A determined knocking and someone calling her name roused her and she sat up, knocking her arm painfully.

“I'm coming, I'm coming,” and she discovered it wasn't easy to get to one's feet with an arm in a sling. When she opened the door, Pete Easley was leaning on the frame, smiling broadly.

“You did sleep and you look one hundred percent better,” he said, but he took a pocket comb, one of those carved out of loo-cow bone, and ran it through her hair.
“That's better. C'mon. We've just time to make the hangar before they make the Bubble.”

* * *

When they entered the KDL's bridge it was crowded with an avid audience, but Scott made peremptory gestures for her to be let through and then installed her in one of the seats.

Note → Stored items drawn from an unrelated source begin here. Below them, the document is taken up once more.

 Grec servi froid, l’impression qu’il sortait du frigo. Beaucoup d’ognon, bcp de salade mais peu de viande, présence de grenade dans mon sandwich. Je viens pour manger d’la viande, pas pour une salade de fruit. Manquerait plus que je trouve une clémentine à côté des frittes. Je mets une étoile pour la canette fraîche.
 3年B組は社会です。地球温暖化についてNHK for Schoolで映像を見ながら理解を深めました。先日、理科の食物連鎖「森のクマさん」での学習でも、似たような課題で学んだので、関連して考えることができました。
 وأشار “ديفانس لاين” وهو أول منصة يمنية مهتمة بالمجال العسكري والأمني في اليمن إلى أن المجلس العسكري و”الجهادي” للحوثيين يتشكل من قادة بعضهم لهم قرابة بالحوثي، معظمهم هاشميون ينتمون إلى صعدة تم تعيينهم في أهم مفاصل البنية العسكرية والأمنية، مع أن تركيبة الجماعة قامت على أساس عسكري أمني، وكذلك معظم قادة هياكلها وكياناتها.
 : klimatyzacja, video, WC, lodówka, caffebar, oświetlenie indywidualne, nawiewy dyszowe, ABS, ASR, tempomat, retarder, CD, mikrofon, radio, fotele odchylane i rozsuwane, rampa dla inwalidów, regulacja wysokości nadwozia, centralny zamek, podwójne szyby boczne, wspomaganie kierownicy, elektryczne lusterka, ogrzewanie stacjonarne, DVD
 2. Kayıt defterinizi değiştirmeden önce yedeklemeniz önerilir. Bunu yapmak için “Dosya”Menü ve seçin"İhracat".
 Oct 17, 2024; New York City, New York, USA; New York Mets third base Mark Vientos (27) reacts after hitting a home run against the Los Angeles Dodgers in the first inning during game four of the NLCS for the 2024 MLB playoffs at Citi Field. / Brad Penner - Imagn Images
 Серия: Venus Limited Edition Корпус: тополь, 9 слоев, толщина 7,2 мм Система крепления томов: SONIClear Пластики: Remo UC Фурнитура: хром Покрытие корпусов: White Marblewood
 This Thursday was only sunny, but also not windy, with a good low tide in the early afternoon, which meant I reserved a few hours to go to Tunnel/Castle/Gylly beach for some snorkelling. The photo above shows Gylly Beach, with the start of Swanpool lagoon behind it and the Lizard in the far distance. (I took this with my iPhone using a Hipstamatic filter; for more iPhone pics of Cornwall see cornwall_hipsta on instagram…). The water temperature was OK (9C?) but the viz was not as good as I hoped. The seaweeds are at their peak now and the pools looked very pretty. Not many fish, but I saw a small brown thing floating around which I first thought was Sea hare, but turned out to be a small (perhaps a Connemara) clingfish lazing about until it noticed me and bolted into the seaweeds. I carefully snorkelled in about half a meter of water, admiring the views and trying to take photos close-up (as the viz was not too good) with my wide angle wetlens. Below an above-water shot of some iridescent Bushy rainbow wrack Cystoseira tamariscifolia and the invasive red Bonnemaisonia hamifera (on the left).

“You'll be interested to know,” Beverly was saying from Baby's piloting compartment, “that the Bubble does not register on any detection equipment. But it's visible…as you can see.”

Which they did, as from Baby's perspective. They could also see the scout ship on the KDL's screen, with its nose a scant ten meters from the barrier.

“We will poke it,” Zainal's voice said, and Baby drifted into the opacity of the Bubble and bounced slowly backward.

“Here, let me adjust the screen a bit so they can see what the warship left behind,” Marrucci said, laughter rippling through his voice.

“We'll need a touch of reverse for a proper view.” That was in Laughrey's amused baritone. He chuckled openly as the view screen of Baby slowly swung to starboard and then slowly reversed.

“See what we mean?” Bert Put said, and Kris could just imagine the grin on the Aussie's face. “Lost every array they had and every mast they had.”

“Outlined forever in the Bubble,” said Balenquah. “Madre de Dios, the Farmers make some clever stuff!”

“Can you make any analysis of it?” Scott asked.

“Can't if sensors can't pick up anything,” Bert Put said. “Not unless we go out and see if we can cut a patch of it.”

“No,” Zainal said. “If you wish, someone will go outside but we will not take sample.”

“Affirmative to defacing it, Zainal,” Scott said. “But I'd like an EVA inspection of it.”

“I go,” Zainal said, and immediately there was protest from both Baby and the KDL observers.

Kris discovered her left hand on her lips, to keep from adding her protest. Then she conquered her fear.

“He's the one to go, Ray,” she said firmly. “He knows the gear and the ship. No one else has checked out for a space walk, have they?”

“I have,” Bert Put said, “but not with this equipment. Zainal'll be just fine, Kris. He's already suiting up.”

Zainal's EVA suit also had its own camera, so after a nervous wait, the view was transferred to Zainal's helmet eye and they saw the shimmering veil of the Bubble as he slowly approached it. They could see his hands reaching out to prod it gently, and the reaction of even that light touch as he floated away from it.